EXERCISE OBJECTIVE =
Starting at the first line of the records and stopping at the line that contains "レッスン回数無制限のオンライ", transcribe every line exactly and leave out the pictures.

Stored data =
*-*-*
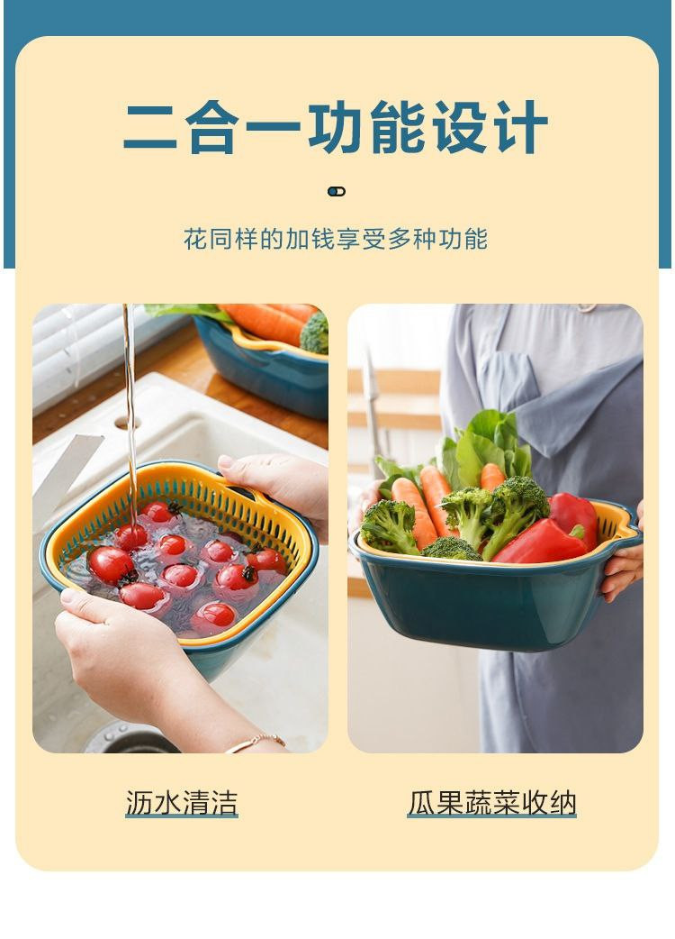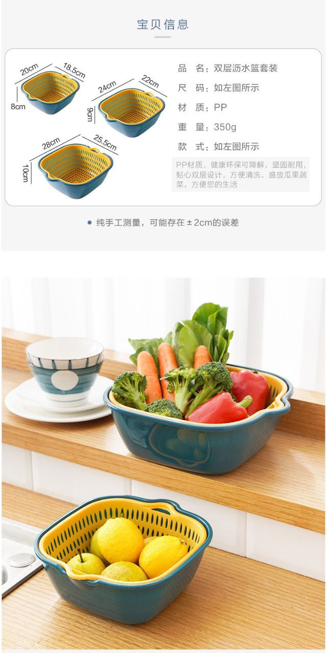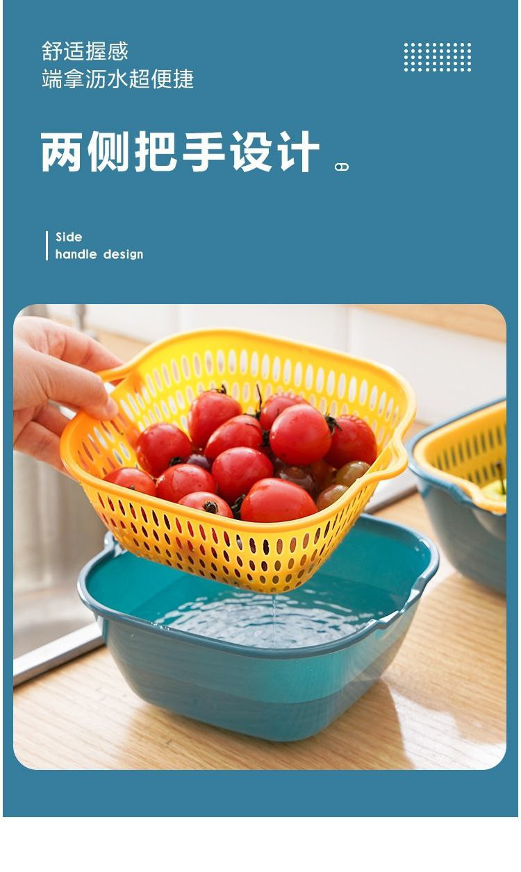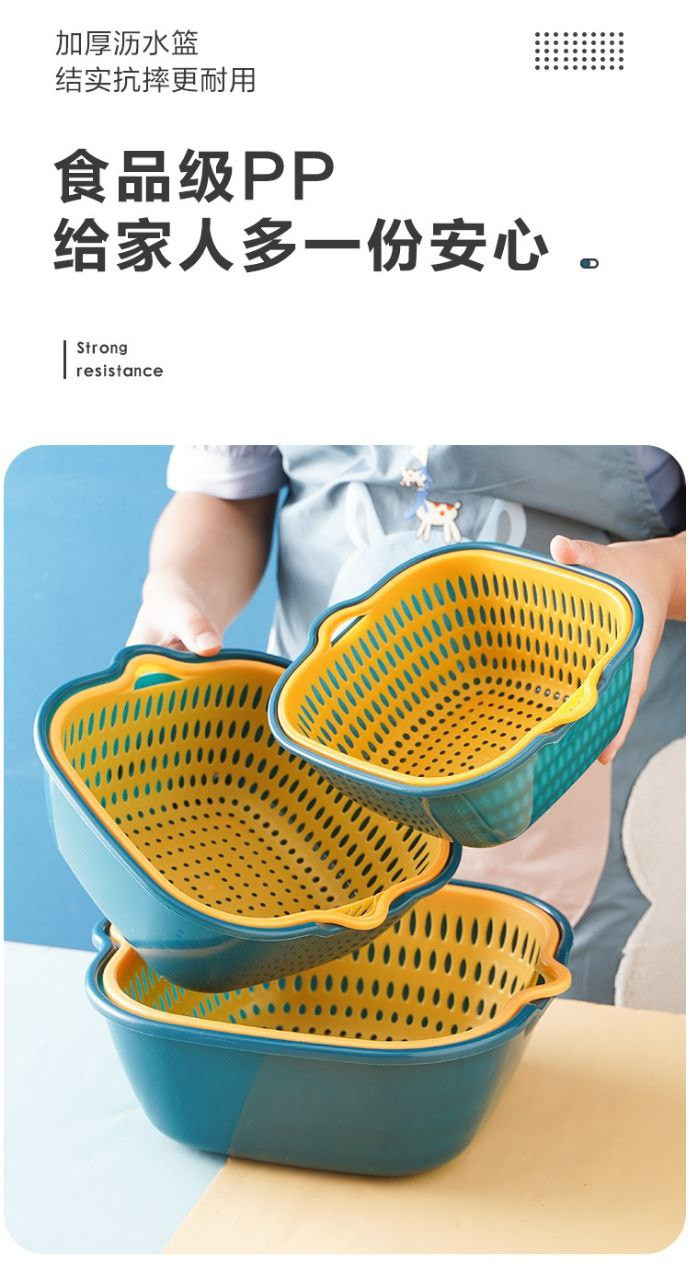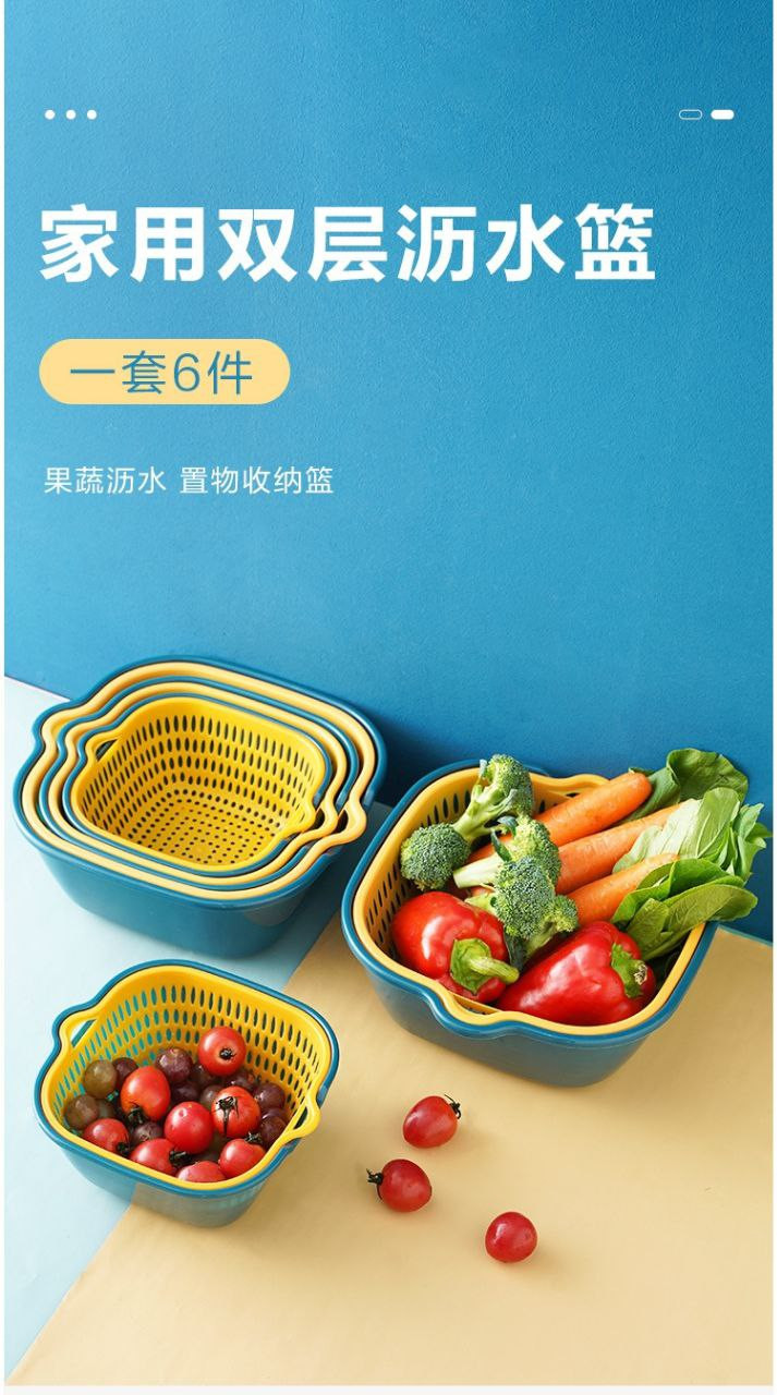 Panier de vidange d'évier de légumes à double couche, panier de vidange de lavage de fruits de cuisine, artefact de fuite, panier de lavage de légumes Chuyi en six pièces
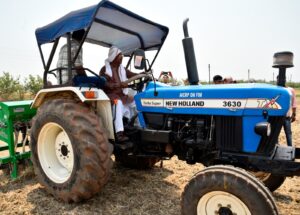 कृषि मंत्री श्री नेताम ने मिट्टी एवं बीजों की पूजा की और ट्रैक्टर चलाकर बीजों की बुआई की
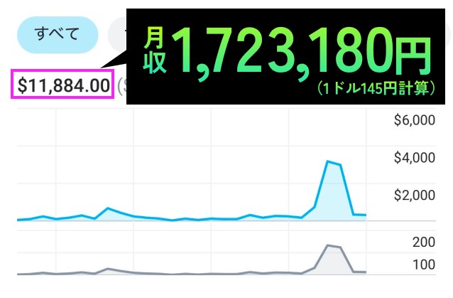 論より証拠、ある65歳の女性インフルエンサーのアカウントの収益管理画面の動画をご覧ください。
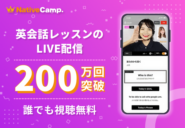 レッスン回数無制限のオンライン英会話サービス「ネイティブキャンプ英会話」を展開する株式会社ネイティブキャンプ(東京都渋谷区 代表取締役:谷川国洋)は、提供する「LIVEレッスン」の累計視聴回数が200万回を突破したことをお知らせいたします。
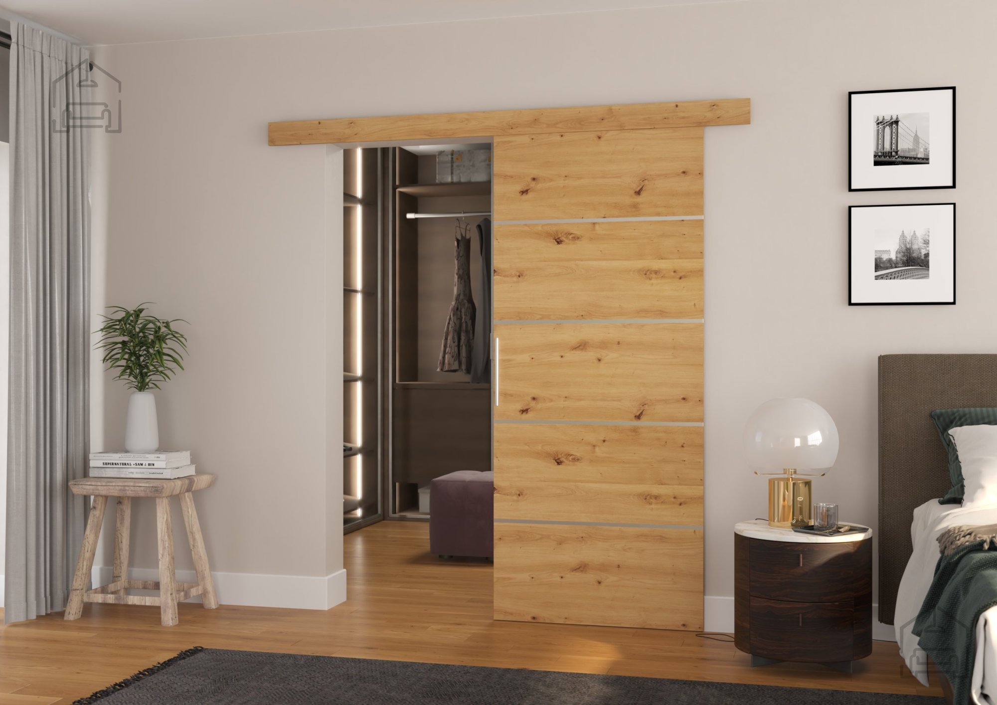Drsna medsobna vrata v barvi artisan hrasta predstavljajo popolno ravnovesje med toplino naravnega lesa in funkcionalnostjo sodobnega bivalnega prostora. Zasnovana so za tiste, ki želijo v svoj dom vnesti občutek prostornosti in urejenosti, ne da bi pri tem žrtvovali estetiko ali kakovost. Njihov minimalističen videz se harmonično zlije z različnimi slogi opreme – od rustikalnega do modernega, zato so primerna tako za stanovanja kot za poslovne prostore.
*-*-*
TASK SOLUTION =
 Panier de vidange d'évier de légumes à double couche, panier de vidange de lavage de fruits de cuisine, artefact de fuite, panier de lavage de légumes Chuyi en six pièces
 कृषि मंत्री श्री नेताम ने मिट्टी एवं बीजों की पूजा की और ट्रैक्टर चलाकर बीजों की बुआई की
 論より証拠、ある65歳の女性インフルエンサーのアカウントの収益管理画面の動画をご覧ください。
 レッスン回数無制限のオンライン英会話サービス「ネイティブキャンプ英会話」を展開する株式会社ネイティブキャンプ(東京都渋谷区 代表取締役:谷川国洋)は、提供する「LIVEレッスン」の累計視聴回数が200万回を突破したことをお知らせいたします。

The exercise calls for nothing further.